**What you should do:** Each entry should be transcribed exactly as written, and any picture left out.

- - -

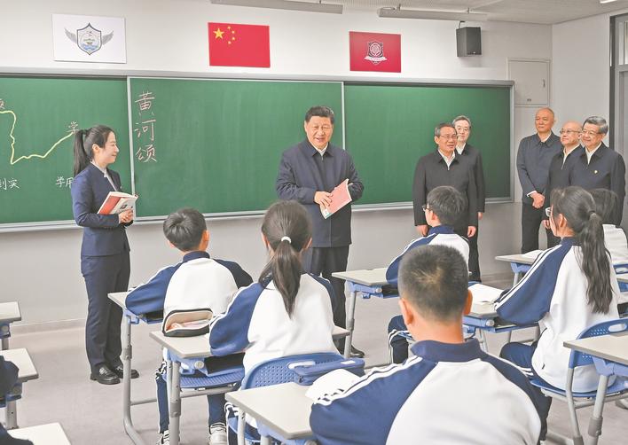 3月23日,中共中央总书记、国家主席、中央军委主席习近平在河北雄安新区考察,并主持召开深入推进雄安新区高质量建设和发展座谈会。这是23日上午,习近平在北京四中雄安校区考察时,走进教室同师生亲切交谈。 新华社记者 谢环驰 摄
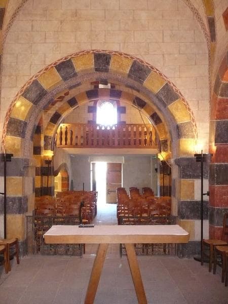 L'église dépendait autrefois d'un prieuré de Bénédictins d'Issoire. L'édifice actuel est roman, le clocher ayant été modifié à une époque récente. Le plan présente une nef simple à deux travées carrées, un avant-choeur surélevé barlong suivi d'un choeur terminé en hémicycle. Deux chapelles formant transept flanquent la seconde travée au nord et au sud. La croisée de transept est voûtée d'une coupole sur trompes. Cette coupole est soutenue par quatre arcs en plein cintre. L'abside est en cul-de-four.
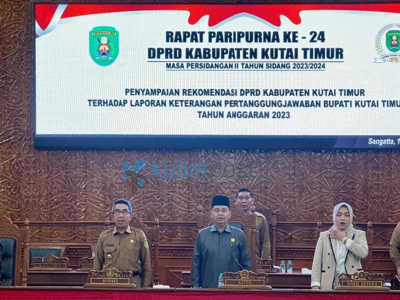 KUTIMPOST.COM, Sangatta – DPRD Kutim Gelar Rapat Paripurna ke-24. Dewan Perwakilan Rakyat Daerah (DPRD) Kabupaten Kutai Timur (Kutim) mengadakan Rapat Paripurna ke-24 yang membahas Penyampaian Rekomendasi DPRD Kutim terhadap Laporan Keterangan Pertanggungjawaban (LKPJ) Bupati Kutim Tahun Anggaran (TA) 2023.
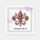 This paper napkin is shown in a festive Mardi Gras jeweled Fleur de Lis print.
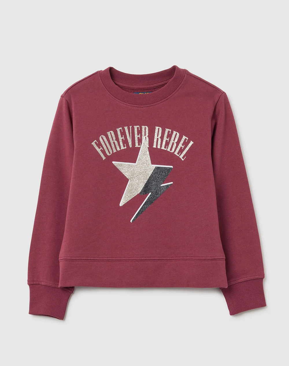 Kids' sweatshirt, regular fit, long sleeves, with glitter print on the front and round neckline. Age: 3 - 10 Years (Composition: 100% Cotton)
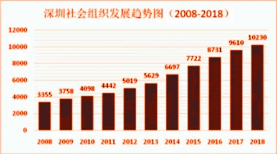 從登記數(shù)量來看,深圳市的社會(huì)組織總量從2008年的3355家,以11.79%的年平均增長(zhǎng)率增長(zhǎng)至2018年的10230家;每萬名常住人口擁有社會(huì)組織的數(shù)量從2008年的3.52個(gè),增長(zhǎng)到2018年的8.03個(gè),萬人社會(huì)組織擁有量居全國一線城市之首。
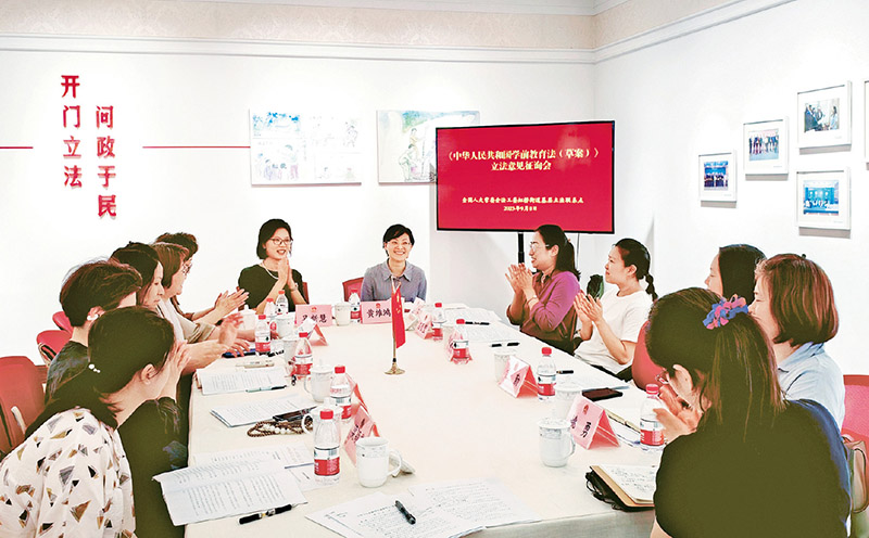 2023年9月8日,學(xué)前教育法(草案)立法意見征詢會在上海市長寧區(qū)虹橋街道基層立法聯(lián)系點舉行。 上海市長寧區(qū)虹橋街道基層立法聯(lián)系點供圖
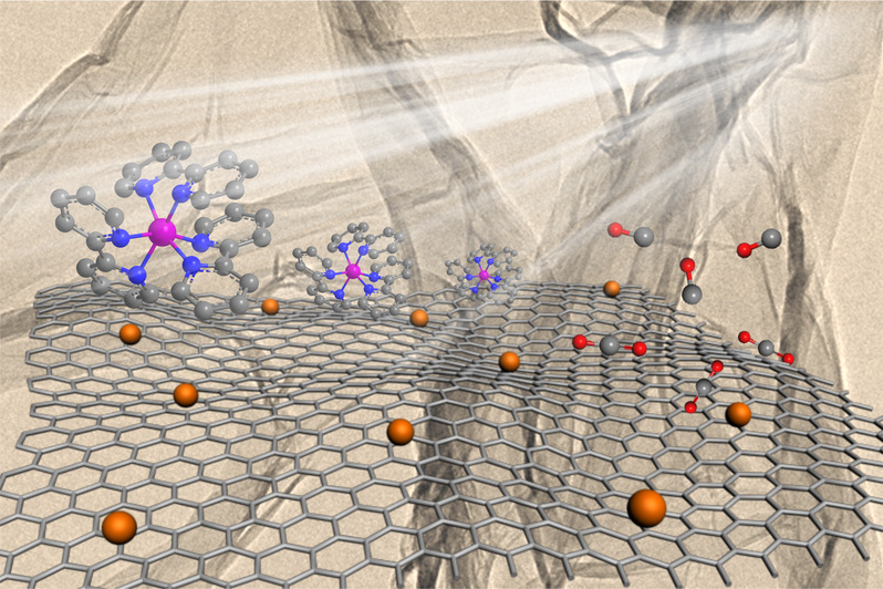 iChEM研究人员、中国科学技术大学应用化学系熊宇杰课题组针对吸光单元与单原子催化中心之间的鸿沟,采用还原氧化石墨烯为桥梁,促进了吸光单元向单原子催化中心的光生电子转移过程,实现了光催化CO2的高转化数(TON)。在该工作中,研究者选用具有优异光吸收性能的均相光敏剂[Ru(bpy)3]Cl2作为吸光单元,同时在还原氧化石墨烯上通过配位方式构筑了单原子Co催化中心,形成了高效光催化CO2还原体系。国家同步辐射实验室宋礼教授课题组利用X射线吸收谱,详细表征出了还原氧化石墨烯上的单原子Co配位结构。在该体系中,还原氧化石墨烯起到双重作用。一方面,还原氧化石墨烯表面具有残余的C/O官能团,可以作为配体稳固地锚定Co单原子催化中心。Co单原子与载体间的强相互作用可以改变Co单原子的电荷状态,从而影响活化CO2分子的能力。另一方面,还原氧化石墨烯具有大比表面积和优异导电能力,有助于光生电子通过π−π界面相互作用从吸光单元向催化中心进行转移,从而调控整个光催化体系的效率。基于该设计,通过调节[Ru(bpy)3]Cl2吸光单元和单原子Co催化中心的比例,光催化CO2还原的最大转化数TON可以达到678,转化频率TOF为3.77 min-1,优于目前的异相光催化剂水平。
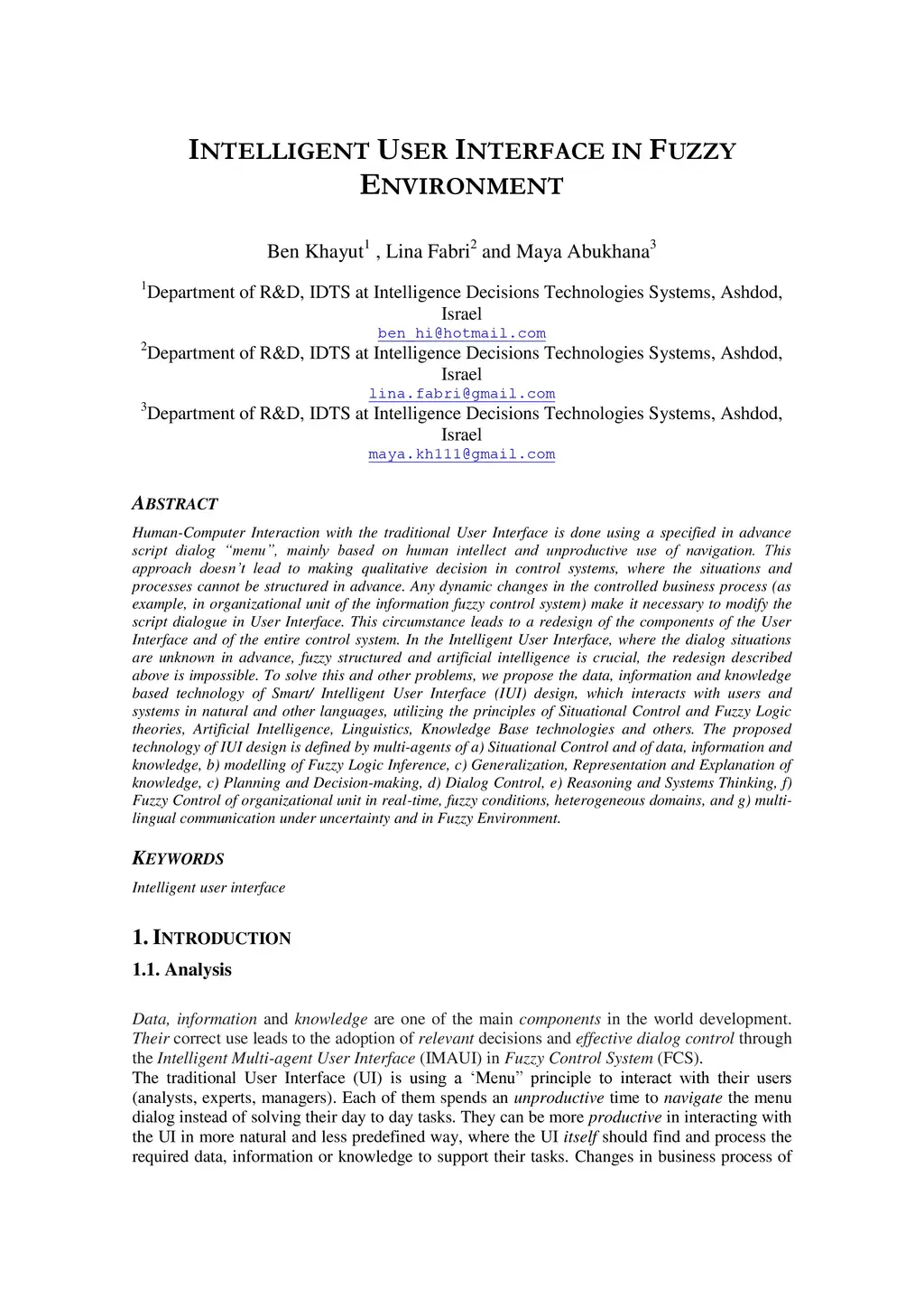 Human-Computer Interaction with the traditional User Interface is done using a specified in advance script dialog menu, mainly based on human intellect and unproductive use of navigation. This approach does not lead to making qualitative decision in control systems, where the situations and processes cannot be structured in advance. Any dynamic changes in the controlled business process (as example, in organizational unit of the information fuzzy control system) make it necessary to modify the script dialogue in User Interface. This circumstance leads to a redesign of the components of the User Interface and of the entire control system. In the Intelligent User Interface, where the dialog situations are unknown in advance, fuzzy structured and artificial intelligence is crucial, the redesign described above is impossible. To solve this and other problems, we propose the data, information and knowledge based technology of Smart/ Intelligent User Interface (IUI) design, which interacts with users and systems in natural and other languages, utilizing the principles of Situational Control and Fuzzy Logic theories, Artificial Intelligence, Linguistics, Knowledge Base technologies and others. The proposed technology of IUI design is defined by multi-agents of Situational Control and of data, information and knowledge, modelling of Fuzzy Logic Inference, Generalization, Representation and Explanation of knowledge, Planning and Decision-making, Dialog Control, Reasoning and Systems Thinking, Fuzzy Control of organizational unit in real-time, fuzzy conditions, heterogeneous domains, and multi-lingual communication under uncertainty and in Fuzzy Environment.
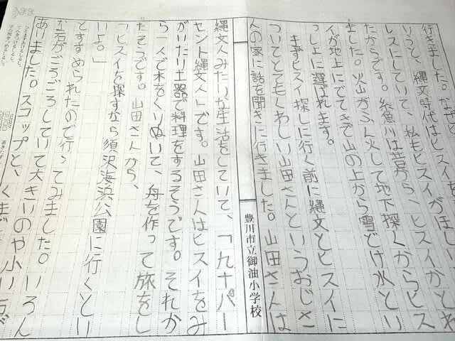作文には糸魚川の思い出と共に「山田さんは縄文人みたいな生活をしていて、『九十パーセント縄文人です』」と書かれているのだが、あと10%足りない洞察の鋭さ( ´艸`)
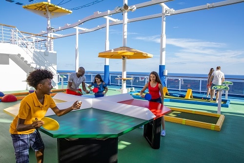 Whether you play to win or just for fun, SportSquare has you covered. Choose from a selection of sports such as ping-pong, basketball and volleyball — even a jogging track — all on deck so you can enjoy the fresh ocean air.
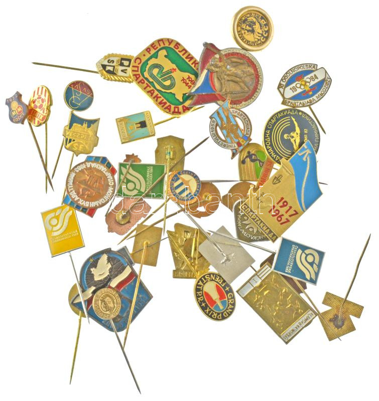36db-os magyar és külföldi sportjelvény-tétel, közte labdarúgó és ‘Spartakiád’ jelvények T:vegyes<a href="https://www.darabanth.com/hu/gyorsarveres/440/kategoriak~Numizmatika/Sportdijak-es-sport-emlekermek~1500013/36db-os-magyar-es-kulfoldi-sportjel
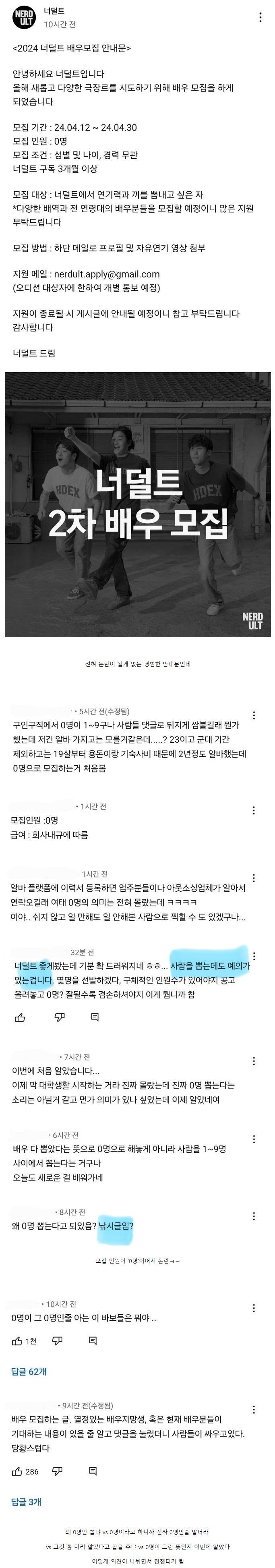 너덜트 배우모집 안내문 논란
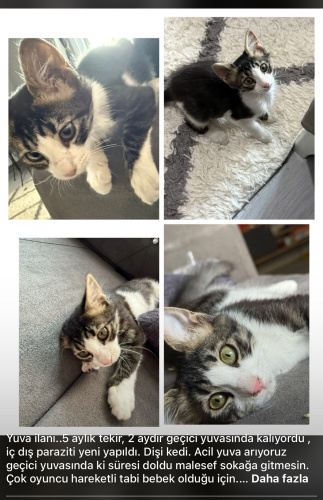 Onu buldugumuzda hastane otoparkında ölüme yatmisti. Birkac arkadas aramizda para toplayarak veterinere goturduk bir arkadasimiz gecici yuva oldu ancak gecici yuvasindaki zamani doldu. Yavru cok oyuncu kendini sevdirmeye bayiliyor
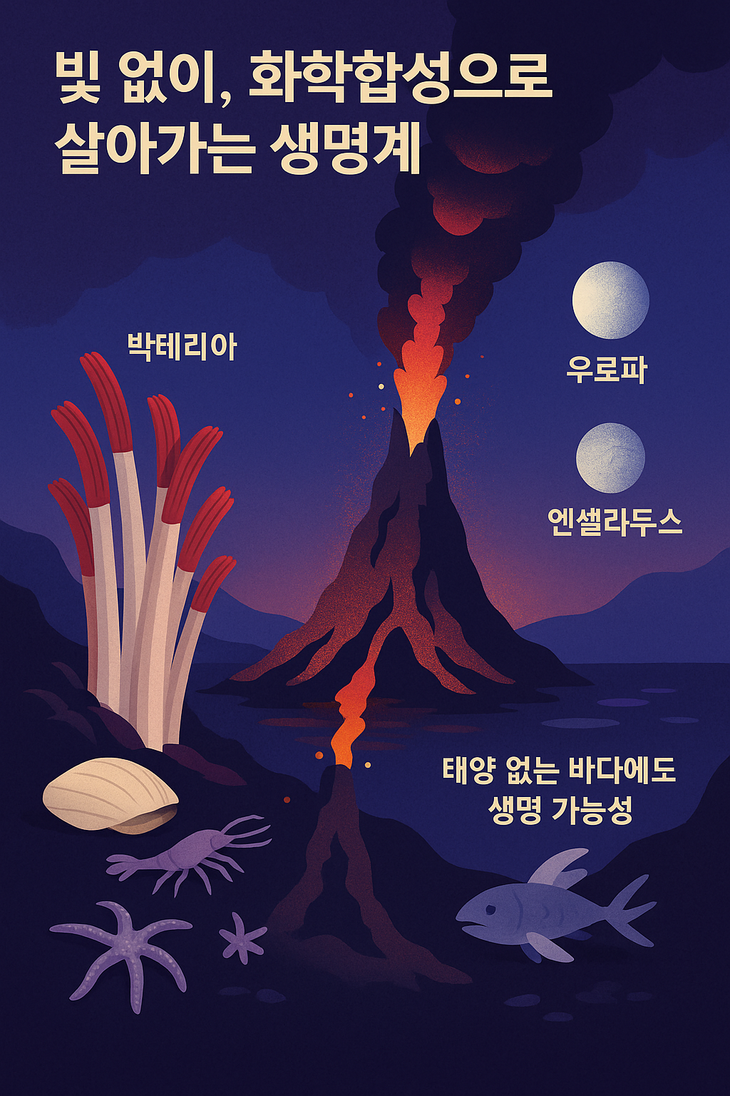 즉, 태양 빛이 전혀 닿지 않는 곳에서도 지구와 유사한 방식으로 생명체가 존재할 수 있음을 시사합니다.
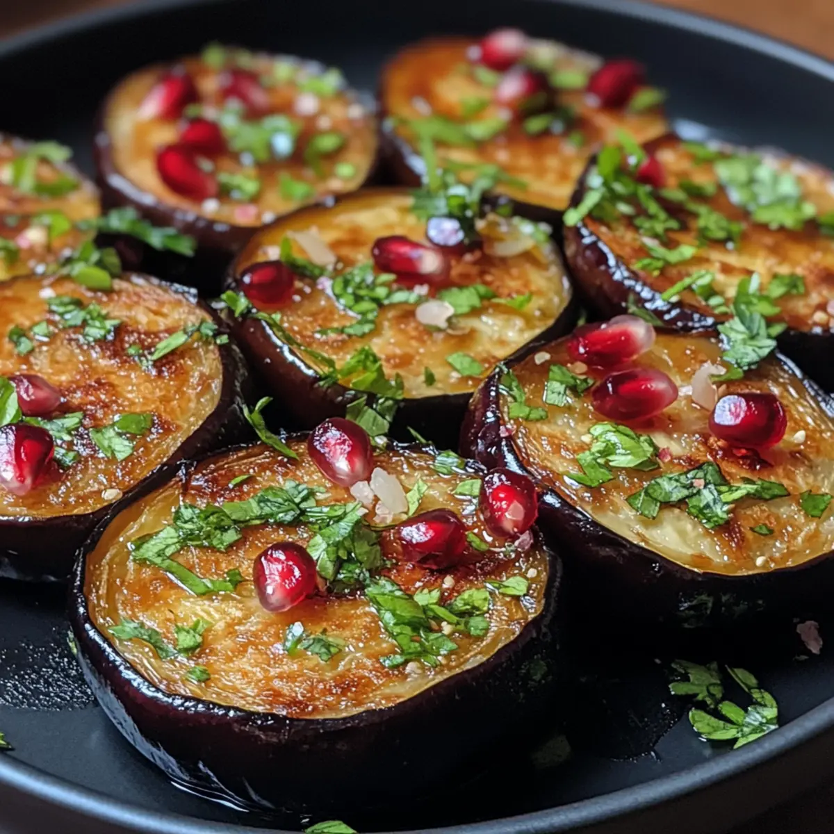 - Plate: Transfer the hot eggplant rounds to a serving platter, then sprinkle the pomegranate-mint mixture over the top, letting jewel-like arils settle into every crevice for maximum flavor contrast.

- - -

**Response for this exercise:**
 3月23日,中共中央总书记、国家主席、中央军委主席习近平在河北雄安新区考察,并主持召开深入推进雄安新区高质量建设和发展座谈会。这是23日上午,习近平在北京四中雄安校区考察时,走进教室同师生亲切交谈。 新华社记者 谢环驰 摄
 L'église dépendait autrefois d'un prieuré de Bénédictins d'Issoire. L'édifice actuel est roman, le clocher ayant été modifié à une époque récente. Le plan présente une nef simple à deux travées carrées, un avant-choeur surélevé barlong suivi d'un choeur terminé en hémicycle. Deux chapelles formant transept flanquent la seconde travée au nord et au sud. La croisée de transept est voûtée d'une coupole sur trompes. Cette coupole est soutenue par quatre arcs en plein cintre. L'abside est en cul-de-four.
 KUTIMPOST.COM, Sangatta – DPRD Kutim Gelar Rapat Paripurna ke-24. Dewan Perwakilan Rakyat Daerah (DPRD) Kabupaten Kutai Timur (Kutim) mengadakan Rapat Paripurna ke-24 yang membahas Penyampaian Rekomendasi DPRD Kutim terhadap Laporan Keterangan Pertanggungjawaban (LKPJ) Bupati Kutim Tahun Anggaran (TA) 2023.
 This paper napkin is shown in a festive Mardi Gras jeweled Fleur de Lis print.
 Kids' sweatshirt, regular fit, long sleeves, with glitter print on the front and round neckline. Age: 3 - 10 Years (Composition: 100% Cotton)
 從登記數(shù)量來看,深圳市的社會(huì)組織總量從2008年的3355家,以11.79%的年平均增長(zhǎng)率增長(zhǎng)至2018年的10230家;每萬名常住人口擁有社會(huì)組織的數(shù)量從2008年的3.52個(gè),增長(zhǎng)到2018年的8.03個(gè),萬人社會(huì)組織擁有量居全國一線城市之首。
 2023年9月8日,學(xué)前教育法(草案)立法意見征詢會在上海市長寧區(qū)虹橋街道基層立法聯(lián)系點舉行。 上海市長寧區(qū)虹橋街道基層立法聯(lián)系點供圖
 iChEM研究人员、中国科学技术大学应用化学系熊宇杰课题组针对吸光单元与单原子催化中心之间的鸿沟,采用还原氧化石墨烯为桥梁,促进了吸光单元向单原子催化中心的光生电子转移过程,实现了光催化CO2的高转化数(TON)。在该工作中,研究者选用具有优异光吸收性能的均相光敏剂[Ru(bpy)3]Cl2作为吸光单元,同时在还原氧化石墨烯上通过配位方式构筑了单原子Co催化中心,形成了高效光催化CO2还原体系。国家同步辐射实验室宋礼教授课题组利用X射线吸收谱,详细表征出了还原氧化石墨烯上的单原子Co配位结构。在该体系中,还原氧化石墨烯起到双重作用。一方面,还原氧化石墨烯表面具有残余的C/O官能团,可以作为配体稳固地锚定Co单原子催化中心。Co单原子与载体间的强相互作用可以改变Co单原子的电荷状态,从而影响活化CO2分子的能力。另一方面,还原氧化石墨烯具有大比表面积和优异导电能力,有助于光生电子通过π−π界面相互作用从吸光单元向催化中心进行转移,从而调控整个光催化体系的效率。基于该设计,通过调节[Ru(bpy)3]Cl2吸光单元和单原子Co催化中心的比例,光催化CO2还原的最大转化数TON可以达到678,转化频率TOF为3.77 min-1,优于目前的异相光催化剂水平。
 Human-Computer Interaction with the traditional User Interface is done using a specified in advance script dialog menu, mainly based on human intellect and unproductive use of navigation. This approach does not lead to making qualitative decision in control systems, where the situations and processes cannot be structured in advance. Any dynamic changes in the controlled business process (as example, in organizational unit of the information fuzzy control system) make it necessary to modify the script dialogue in User Interface. This circumstance leads to a redesign of the components of the User Interface and of the entire control system. In the Intelligent User Interface, where the dialog situations are unknown in advance, fuzzy structured and artificial intelligence is crucial, the redesign described above is impossible. To solve this and other problems, we propose the data, information and knowledge based technology of Smart/ Intelligent User Interface (IUI) design, which interacts with users and systems in natural and other languages, utilizing the principles of Situational Control and Fuzzy Logic theories, Artificial Intelligence, Linguistics, Knowledge Base technologies and others. The proposed technology of IUI design is defined by multi-agents of Situational Control and of data, information and knowledge, modelling of Fuzzy Logic Inference, Generalization, Representation and Explanation of knowledge, Planning and Decision-making, Dialog Control, Reasoning and Systems Thinking, Fuzzy Control of organizational unit in real-time, fuzzy conditions, heterogeneous domains, and multi-lingual communication under uncertainty and in Fuzzy Environment.
作文には糸魚川の思い出と共に「山田さんは縄文人みたいな生活をしていて、『九十パーセント縄文人です』」と書かれているのだが、あと10%足りない洞察の鋭さ( ´艸`)
 Whether you play to win or just for fun, SportSquare has you covered. Choose from a selection of sports such as ping-pong, basketball and volleyball — even a jogging track — all on deck so you can enjoy the fresh ocean air.
36db-os magyar és külföldi sportjelvény-tétel, közte labdarúgó és ‘Spartakiád’ jelvények T:vegyes<a href="https://www.darabanth.com/hu/gyorsarveres/440/kategoriak~Numizmatika/Sportdijak-es-sport-emlekermek~1500013/36db-os-magyar-es-kulfoldi-sportjel
 너덜트 배우모집 안내문 논란
 Onu buldugumuzda hastane otoparkında ölüme yatmisti. Birkac arkadas aramizda para toplayarak veterinere goturduk bir arkadasimiz gecici yuva oldu ancak gecici yuvasindaki zamani doldu. Yavru cok oyuncu kendini sevdirmeye bayiliyor
 즉, 태양 빛이 전혀 닿지 않는 곳에서도 지구와 유사한 방식으로 생명체가 존재할 수 있음을 시사합니다.
 - Plate: Transfer the hot eggplant rounds to a serving platter, then sprinkle the pomegranate-mint mixture over the top, letting jewel-like arils settle into every crevice for maximum flavor contrast.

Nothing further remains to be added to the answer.